# What you will do
Verbatim reproduction of the entries is required; images must be omitted.

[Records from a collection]
____________________

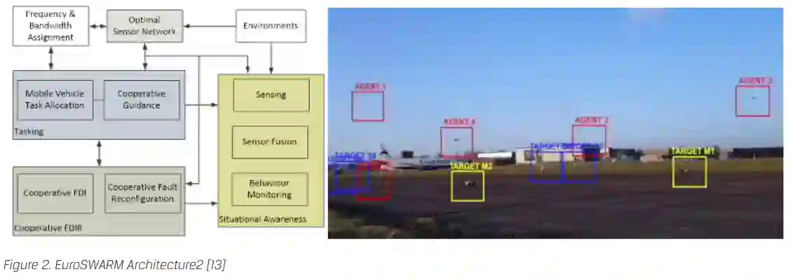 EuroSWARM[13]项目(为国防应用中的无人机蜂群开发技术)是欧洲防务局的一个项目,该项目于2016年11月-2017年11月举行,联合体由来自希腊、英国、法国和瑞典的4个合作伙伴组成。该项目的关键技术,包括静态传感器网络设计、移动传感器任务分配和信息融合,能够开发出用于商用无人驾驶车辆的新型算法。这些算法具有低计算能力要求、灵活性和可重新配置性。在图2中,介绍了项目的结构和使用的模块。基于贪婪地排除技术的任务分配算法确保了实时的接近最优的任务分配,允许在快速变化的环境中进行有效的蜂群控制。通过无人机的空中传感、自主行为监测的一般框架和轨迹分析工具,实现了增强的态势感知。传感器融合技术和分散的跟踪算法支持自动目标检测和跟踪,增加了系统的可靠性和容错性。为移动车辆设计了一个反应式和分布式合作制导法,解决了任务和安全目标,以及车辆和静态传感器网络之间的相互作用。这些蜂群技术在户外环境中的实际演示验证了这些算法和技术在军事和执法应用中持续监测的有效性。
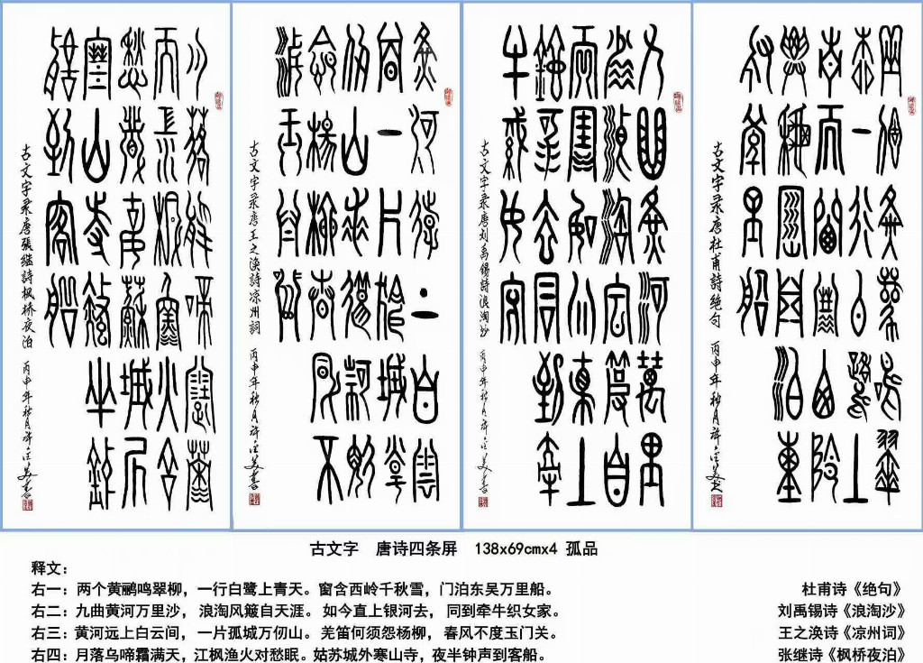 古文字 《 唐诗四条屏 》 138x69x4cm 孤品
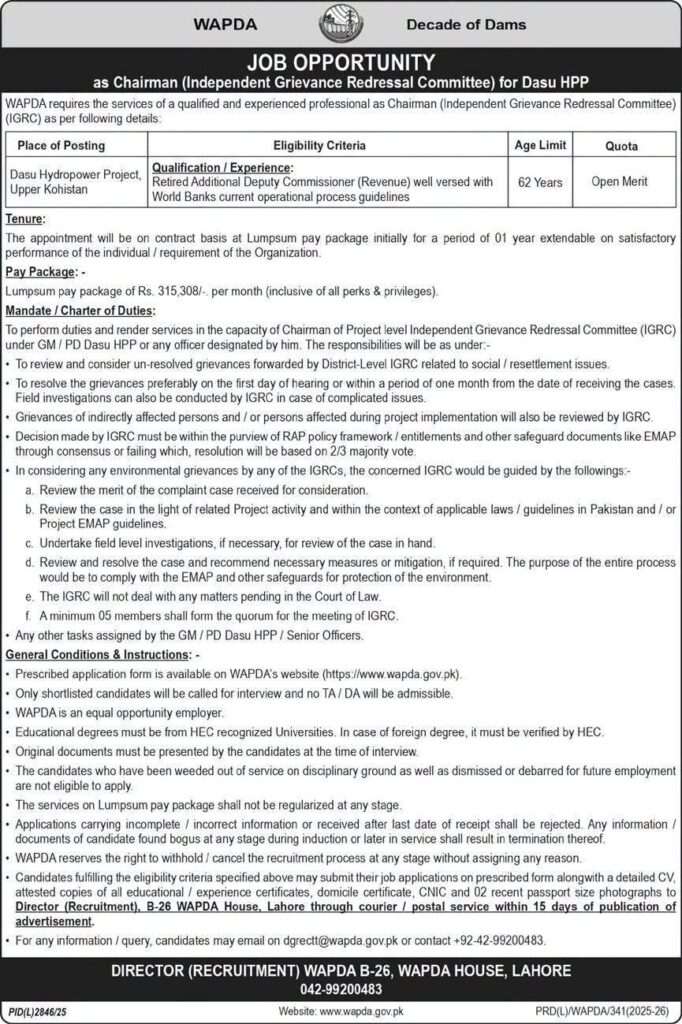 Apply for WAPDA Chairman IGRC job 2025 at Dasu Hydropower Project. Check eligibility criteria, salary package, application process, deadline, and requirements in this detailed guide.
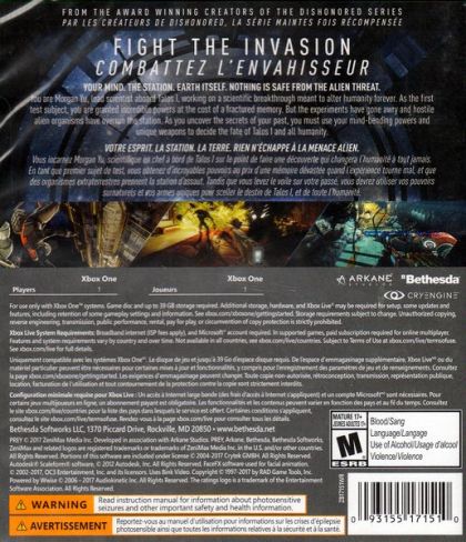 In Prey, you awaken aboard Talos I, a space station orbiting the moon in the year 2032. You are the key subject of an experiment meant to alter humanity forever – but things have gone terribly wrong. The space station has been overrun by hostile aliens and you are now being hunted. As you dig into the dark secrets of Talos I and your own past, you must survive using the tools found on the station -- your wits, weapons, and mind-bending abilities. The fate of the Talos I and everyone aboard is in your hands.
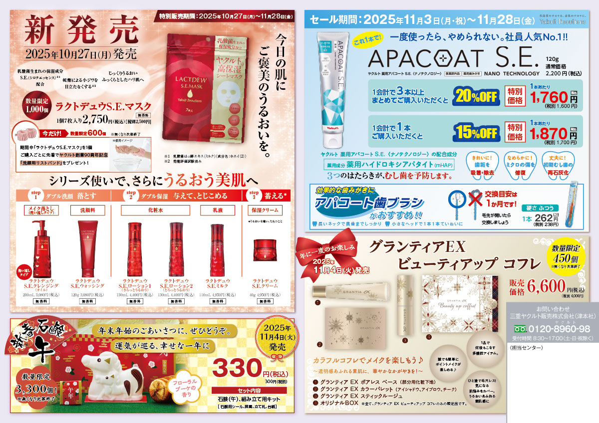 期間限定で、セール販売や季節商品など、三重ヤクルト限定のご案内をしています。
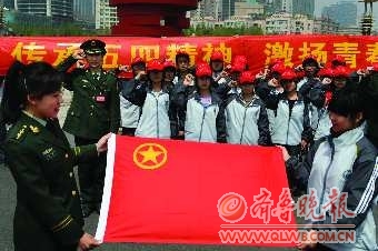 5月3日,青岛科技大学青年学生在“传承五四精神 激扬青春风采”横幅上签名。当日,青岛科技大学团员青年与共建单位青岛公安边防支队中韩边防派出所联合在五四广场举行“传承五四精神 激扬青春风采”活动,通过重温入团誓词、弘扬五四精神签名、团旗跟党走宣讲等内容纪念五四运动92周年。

____________________

# Answer section
 EuroSWARM[13]项目(为国防应用中的无人机蜂群开发技术)是欧洲防务局的一个项目,该项目于2016年11月-2017年11月举行,联合体由来自希腊、英国、法国和瑞典的4个合作伙伴组成。该项目的关键技术,包括静态传感器网络设计、移动传感器任务分配和信息融合,能够开发出用于商用无人驾驶车辆的新型算法。这些算法具有低计算能力要求、灵活性和可重新配置性。在图2中,介绍了项目的结构和使用的模块。基于贪婪地排除技术的任务分配算法确保了实时的接近最优的任务分配,允许在快速变化的环境中进行有效的蜂群控制。通过无人机的空中传感、自主行为监测的一般框架和轨迹分析工具,实现了增强的态势感知。传感器融合技术和分散的跟踪算法支持自动目标检测和跟踪,增加了系统的可靠性和容错性。为移动车辆设计了一个反应式和分布式合作制导法,解决了任务和安全目标,以及车辆和静态传感器网络之间的相互作用。这些蜂群技术在户外环境中的实际演示验证了这些算法和技术在军事和执法应用中持续监测的有效性。
 古文字 《 唐诗四条屏 》 138x69x4cm 孤品
 Apply for WAPDA Chairman IGRC job 2025 at Dasu Hydropower Project. Check eligibility criteria, salary package, application process, deadline, and requirements in this detailed guide.
 In Prey, you awaken aboard Talos I, a space station orbiting the moon in the year 2032. You are the key subject of an experiment meant to alter humanity forever – but things have gone terribly wrong. The space station has been overrun by hostile aliens and you are now being hunted. As you dig into the dark secrets of Talos I and your own past, you must survive using the tools found on the station -- your wits, weapons, and mind-bending abilities. The fate of the Talos I and everyone aboard is in your hands.
 期間限定で、セール販売や季節商品など、三重ヤクルト限定のご案内をしています。
 5月3日,青岛科技大学青年学生在“传承五四精神 激扬青春风采”横幅上签名。当日,青岛科技大学团员青年与共建单位青岛公安边防支队中韩边防派出所联合在五四广场举行“传承五四精神 激扬青春风采”活动,通过重温入团誓词、弘扬五四精神签名、团旗跟党走宣讲等内容纪念五四运动92周年。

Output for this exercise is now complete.